As an adjunctive treatment for epilepsy, acetazolamide has been used since the 1950s, particularly for absence seizures (petit mal). Although the exact antiepileptic mechanism is not fully understood, it is thought to involve altered neuronal excitability resulting from changes in pH and bicarbonate concentrations within the brain. Carbonic anhydrase inhibition in the brain leads to intracellular acidification, which reduces neuronal firing. However, tolerance to the antiepileptic effect often develops within weeks to months, which limits its usefulness as long-term monotherapy. For this reason, it is typically used as an add-on therapy alongside other antiepileptic drugs such as valproate or ethosuximide.
Although not a licensed indication in all countries, acetazolamide is one of the most widely studied and used medications for the prevention and treatment of acute mountain sickness (altitude sickness). By promoting renal excretion of bicarbonate, it induces a mild metabolic acidosis that stimulates ventilation and improves oxygenation at high altitude. The Wilderness Medical Society and the International Society for Mountain Medicine both include acetazolamide in their guidelines for altitude illness prevention.
What Should You Know Before Receiving Diamox?

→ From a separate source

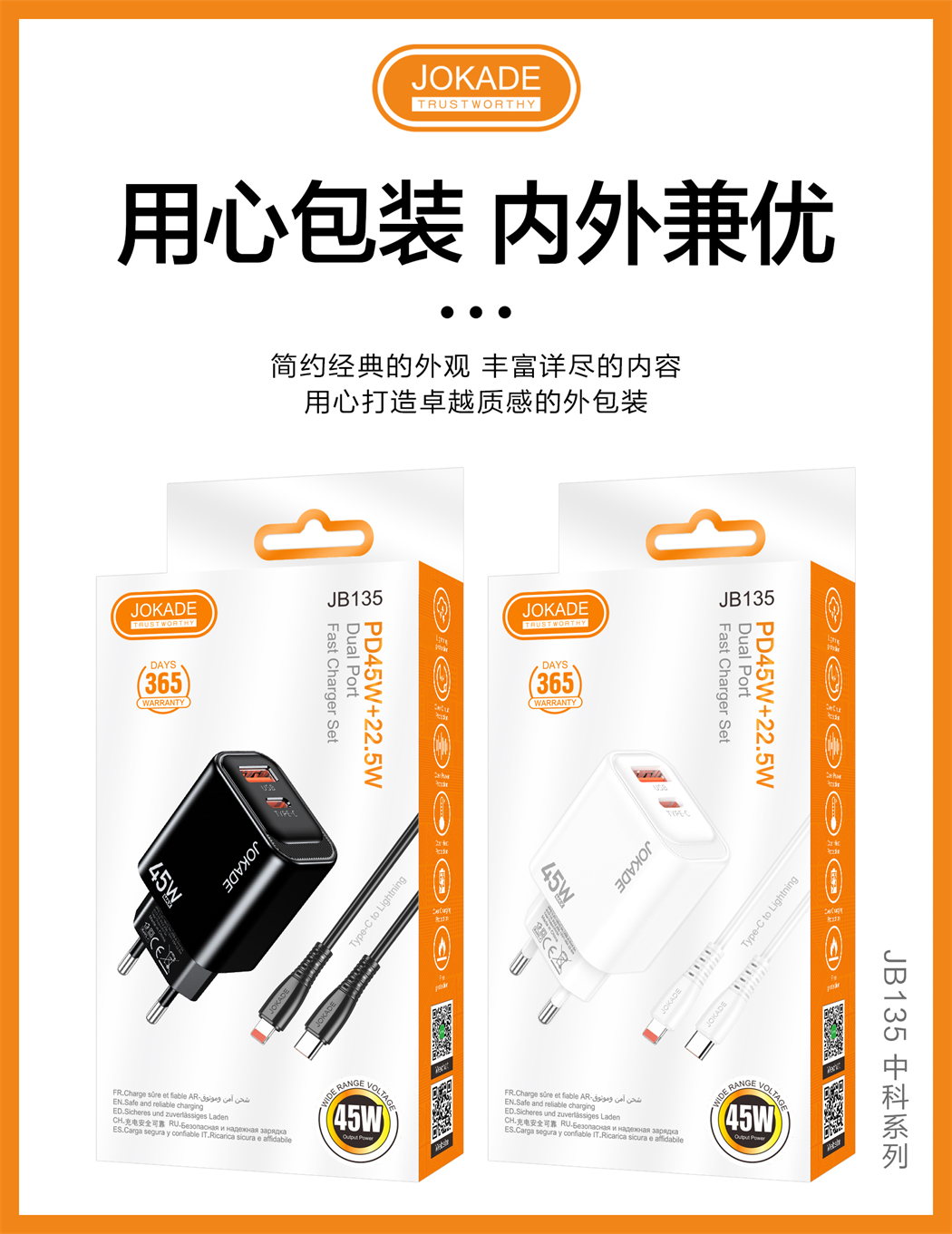 产品名称:JB135 中科系列 PD45W+22.5W全兼容充电器套装Type-C to Lightning(欧规)

Diamox must not be used in patients with sulphonamide allergy, renal hyperchloraemic acidosis, Addison's disease, severe liver or kidney impairment, or low sodium/potassium levels. Inform your doctor about all medical conditions and medications before receiving Diamox.
Contraindications
You should not receive Diamox if any of the following apply to you:
- Allergy to acetazolamide or sulphonamides – acetazolamide is a sulphonamide derivative, and patients with a history of hypersensitivity to any sulphonamide-type medication are at risk of serious allergic reactions, including Stevens–Johnson syndrome and toxic epidermal necrolysis
- Renal hyperchloraemic acidosis – a disturbance in the body's salt balance caused by kidney dysfunction. Diamox can worsen this condition by further impairing the kidneys' ability to excrete acid
- Addison's disease – a condition of reduced corticosteroid production by the adrenal glands. The electrolyte disturbances common in Addison's disease can be dangerously exacerbated by Diamox
- Severe liver or kidney impairment – patients with significantly reduced hepatic function are at risk of hepatic encephalopathy because acetazolamide alters ammonia metabolism. In severe renal impairment, drug accumulation and metabolic acidosis become significant concerns
- Low sodium and/or potassium levels (hyponatraemia/hypokalaemia) – Diamox promotes urinary excretion of sodium and potassium, and its use in patients who already have depleted levels of these electrolytes can lead to dangerous deficiencies including cardiac arrhythmias
- Chronic non-congestive angle-closure glaucoma – in this specific form of glaucoma, Diamox may mask the progression of the disease by lowering pressure without addressing the underlying anatomical obstruction, potentially delaying necessary surgical intervention
Warnings and Precautions
Talk to your doctor before receiving Diamox if you have or have had any of the following conditions:
- Lung or breathing problems such as emphysema or chronic obstructive pulmonary disease (COPD). Acetazolamide can cause metabolic acidosis, which may worsen respiratory function in patients with already compromised lung capacity. Cases of pulmonary oedema (fluid accumulation in the lungs) have been reported following acetazolamide use in susceptible individuals
- Kidney problems or a history of kidney stones – acetazolamide alkalinises the urine and reduces citrate excretion, which can promote the formation of calcium phosphate kidney stones. Patients with a personal or family history of nephrolithiasis should be monitored closely and advised to maintain adequate fluid intake
- Diabetes mellitus – acetazolamide can alter blood glucose regulation and may affect the activity of oral hypoglycaemic agents. Blood glucose monitoring should be intensified during treatment
You develop shortness of breath or difficulty breathing after receiving Diamox. This may indicate pulmonary oedema, a potentially life-threatening condition. Also seek immediate medical help if you develop skin rash, blistering, peeling, or mouth sores, which may indicate Stevens–Johnson syndrome or toxic epidermal necrolysis – rare but serious skin reactions. Severe changes in blood counts (agranulocytosis, aplastic anaemia) can also occur; any signs of unexplained infection, fever, sore throat, or unusual bleeding should be reported immediately.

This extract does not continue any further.